De uma coisa, o diretor Munir Kanaan, de 45 anos, tinha a absoluta certeza. Para levar aos palcos Dois Papas, a peça de Anthony McCarten que inspirou o filme de Fernando Meirelles, ele precisaria de dois intérpretes de grande presença cênica e talentos inquestionáveis. No cinema, Anthony Hopkins e Jonathan Pryce defenderam respectivamente Bento XVI e Jorge Bergoglio, o papa Francisco.
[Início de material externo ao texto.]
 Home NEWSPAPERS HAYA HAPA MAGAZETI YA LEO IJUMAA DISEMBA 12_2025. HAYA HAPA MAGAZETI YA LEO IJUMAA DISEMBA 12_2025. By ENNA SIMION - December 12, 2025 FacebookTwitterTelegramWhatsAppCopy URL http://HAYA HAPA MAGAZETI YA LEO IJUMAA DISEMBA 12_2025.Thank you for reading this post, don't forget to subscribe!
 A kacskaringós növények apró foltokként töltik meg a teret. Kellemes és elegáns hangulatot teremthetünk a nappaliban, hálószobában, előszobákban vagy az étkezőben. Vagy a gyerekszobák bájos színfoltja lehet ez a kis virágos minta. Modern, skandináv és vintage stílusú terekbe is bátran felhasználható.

Em dezembro, jantando em um restaurante com o ator Zécarlos Machado, escalado para o papel do Papa Bento XVI, Kanaan avistou Celso Frateschi em uma mesa do fundo, pagando a conta. Assim que Machado enxergou o colega, levantou-se para cumprimentá-lo. Os dois se abraçaram e, diante da imagem fraterna, Kanaan visualizou os personagens: "Eu entendi que tinha encontrado o meu papa Francisco", conta. "Frateschi tem a doçura que contrabalança com a intensidade do Zécarlos."
Lançada na Inglaterra em 2019, a peça Dois Papas ganha a primeira encenação internacional, que estreia no Sesc Guarulhos nesta sexta, dia 7, e será vista no Sesc Santo Amaro, na capital paulista, a partir do dia 21.
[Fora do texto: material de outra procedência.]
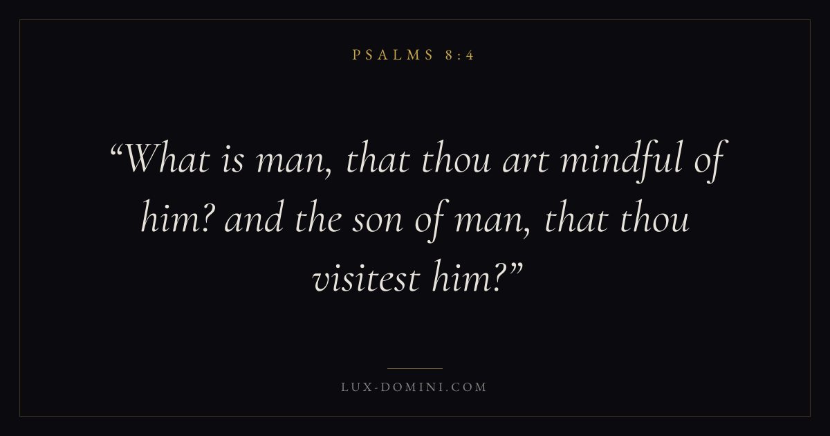 Books / Psalms / Chapter 8 / Verse 4 ← Psalms 8:3 Psalms 8:4 Psalms 8:5 → What is man, that thou art mindful of him? and the son of man, that thou visitest him? Download verse card Share on Twitter Share on Facebook Pin it ✦ Key themes FaithPrayerPraiseLament Read with Hebrews 11:1Romans 10:17Matthew 6:9Luke 18:1 Related topics Bible verses about faithBible verses about prayerBible verses about thankfulness and gratitudeBible verses about grief and loss ✦ Psalms Chapter 8 verses V. 1 V. 2 V. 3 V. 4 V. 5 V. 6 V. 7 V. 8 V. 9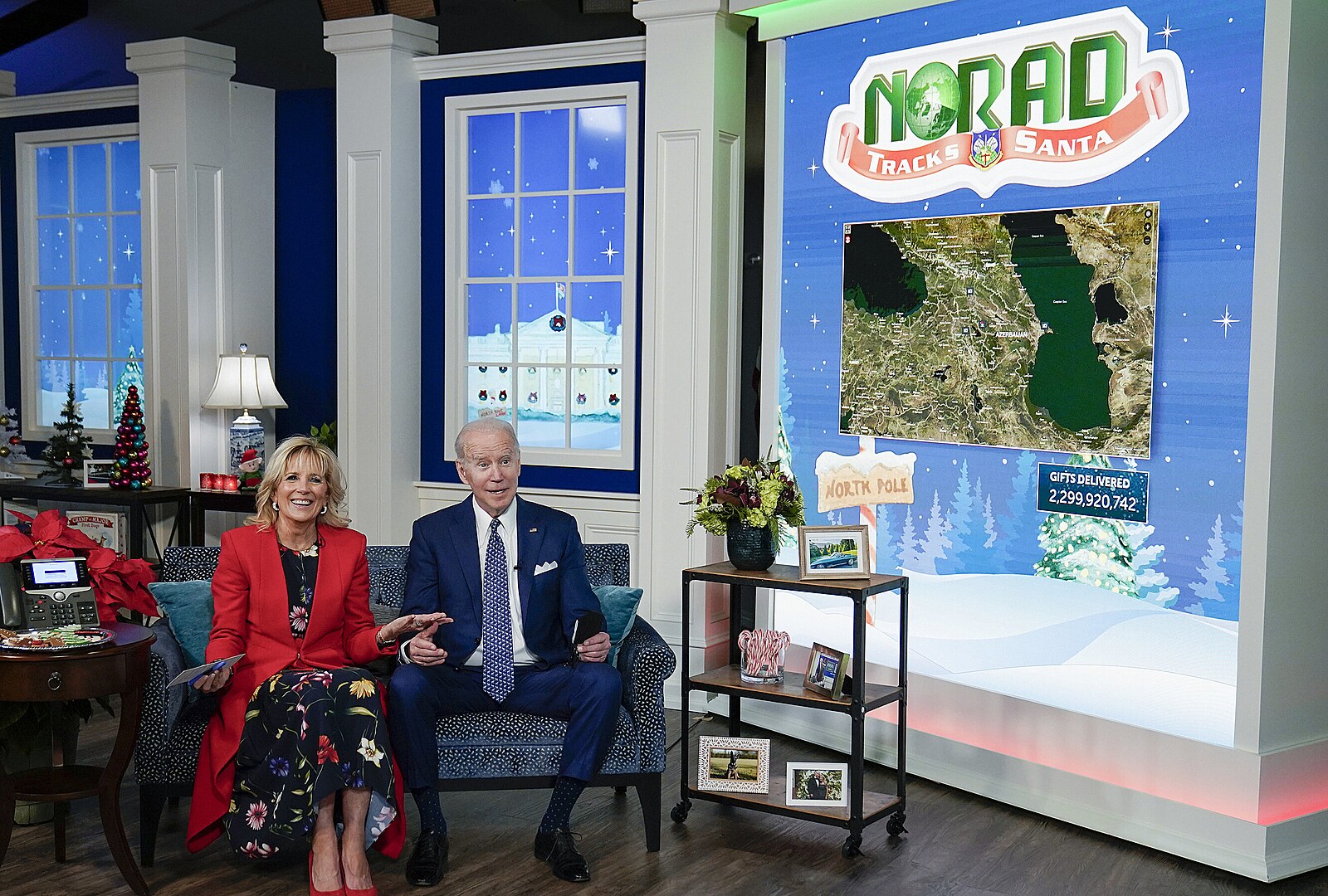 Joe a Jill Bidenovi si v pátek podle tradice popovídali s několika rodinami dětí, které zavolaly na velení protivzdušné obrany (NORAD), aby zjistily, kdy k nim dorazí Santa Claus s dárky. NORAD tuto recesistickou službu poskytuje o Vánocích již řadu let.

A dramaturgia ficciona um encontro entre dois homens de pensamentos opostos que têm como ponto em comum a dedicação à Igreja Católica. "É um texto que mostra como a gente perdeu a civilidade e não aceita o quanto uma visão diferente pode até ser enriquecedora", explica Kanaan. "O autor nunca mete o dedo na ferida, ele aponta a ferida."
Na trama, o cardeal argentino Jorge Bergoglio pretende se aposentar devido às divergências com Bento XVI, representante de ideias conservadoras que, na sua compreensão, não dialogam com o mundo moderno. Exausto de ser visto como um rebelde, ele se surpreende com o convite do Papa para um encontro que servirá de teste de escuta e tolerância contra o radicalismo de ambos.
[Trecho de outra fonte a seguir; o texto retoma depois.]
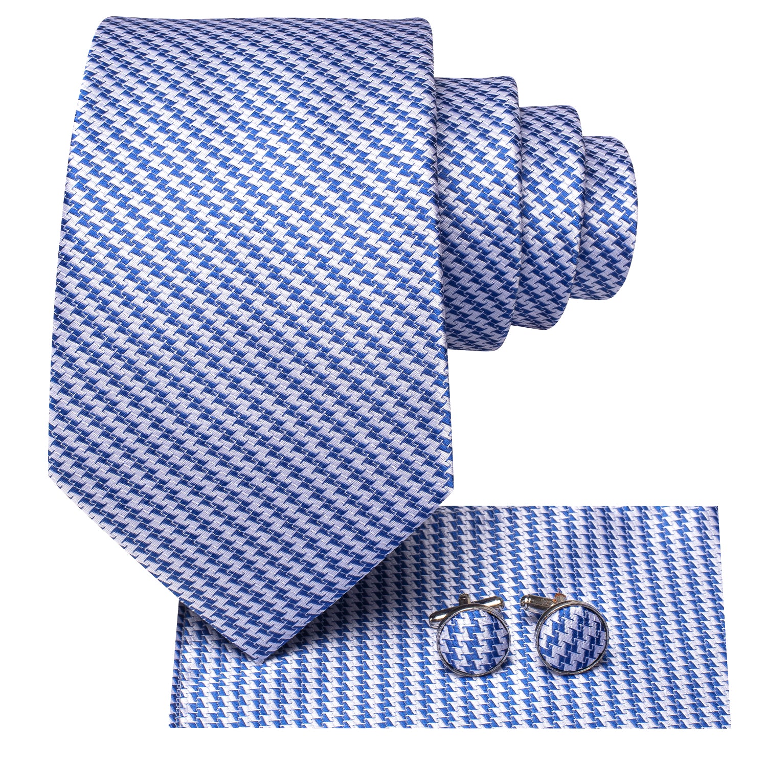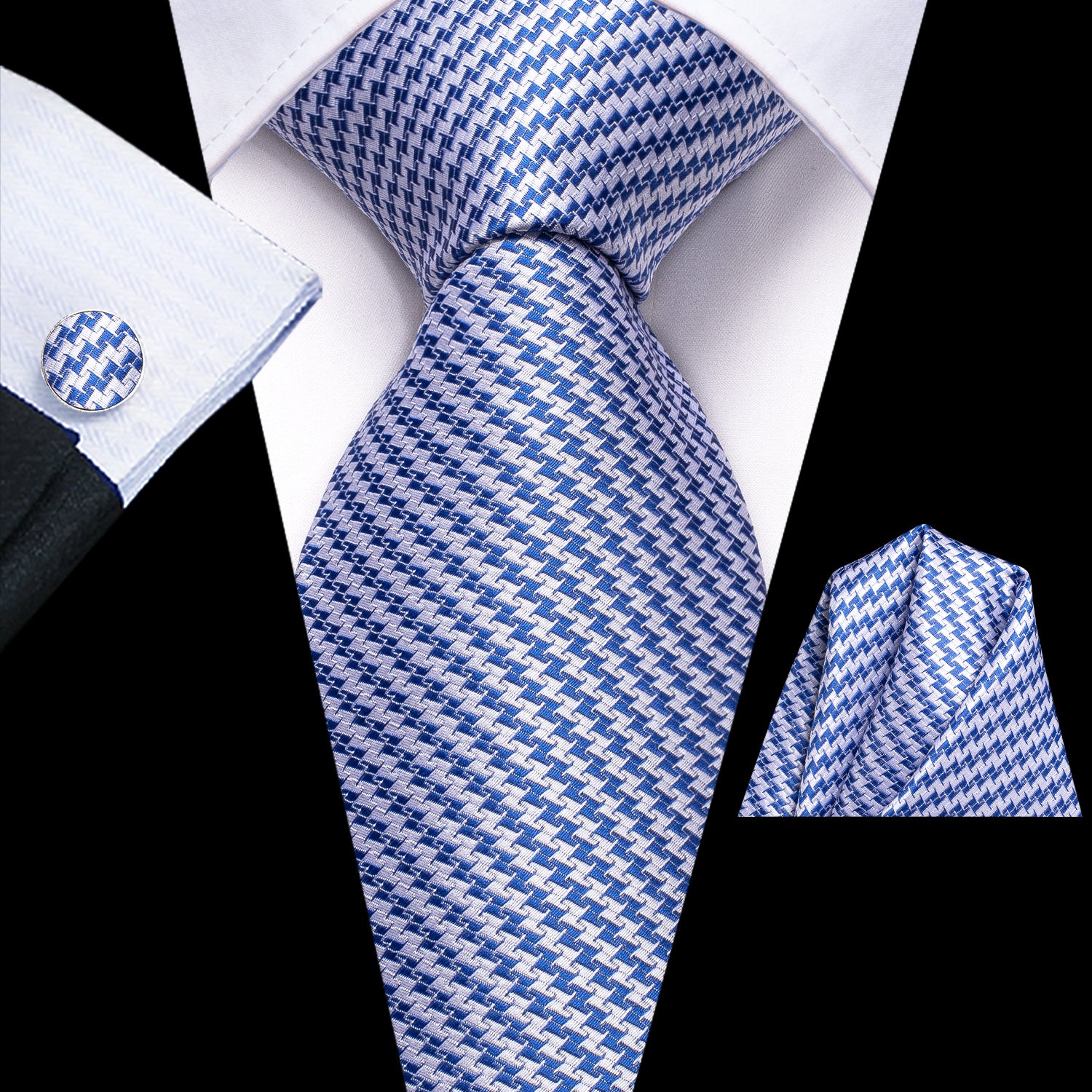 Sold outBlue White Sawtooth Wedding Necktie Pocket Square Cufflinks SetBlue White Sawtooth Wedding Necktie Pocket Square Cufflinks Set

O líder máximo deseja renunciar porque não suporta mais tantas pressões, e Bergoglio desponta como um candidato à sucessão. "O mais bonito da peça é que os dois acreditam na estrutura católica, mas o Francisco não esconde as divergências com os pensamentos ultrapassados", diz Machado, o Bento XVI. Também elogioso ao texto, Frateschi, o papa Francisco, ressalta que existe uma possível trégua em nome da Igreja: "No encontro, há um desarmamento de espíritos, só que, mesmo os dois criando uma amizade, não muda as visões de cada um".
Uma diferença da peça em relação ao filme é a presença de duas personagens femininas. A atriz Eliana Guttman vive a austera Irmã Brigitta, amiga de Bento XVI, que ouve seus desabafos e o estimula a se manter firme nas convicções tradicionais, e Carol Godoy interpreta a Irmã Sofia, uma freira que perdeu os pais na ditadura argentina e encontrou um propósito nas palavras de Bergoglio. "Estas mulheres ajuda a revelar a alma dos protagonistas e reforça o contraponto entre os dois", observa o diretor.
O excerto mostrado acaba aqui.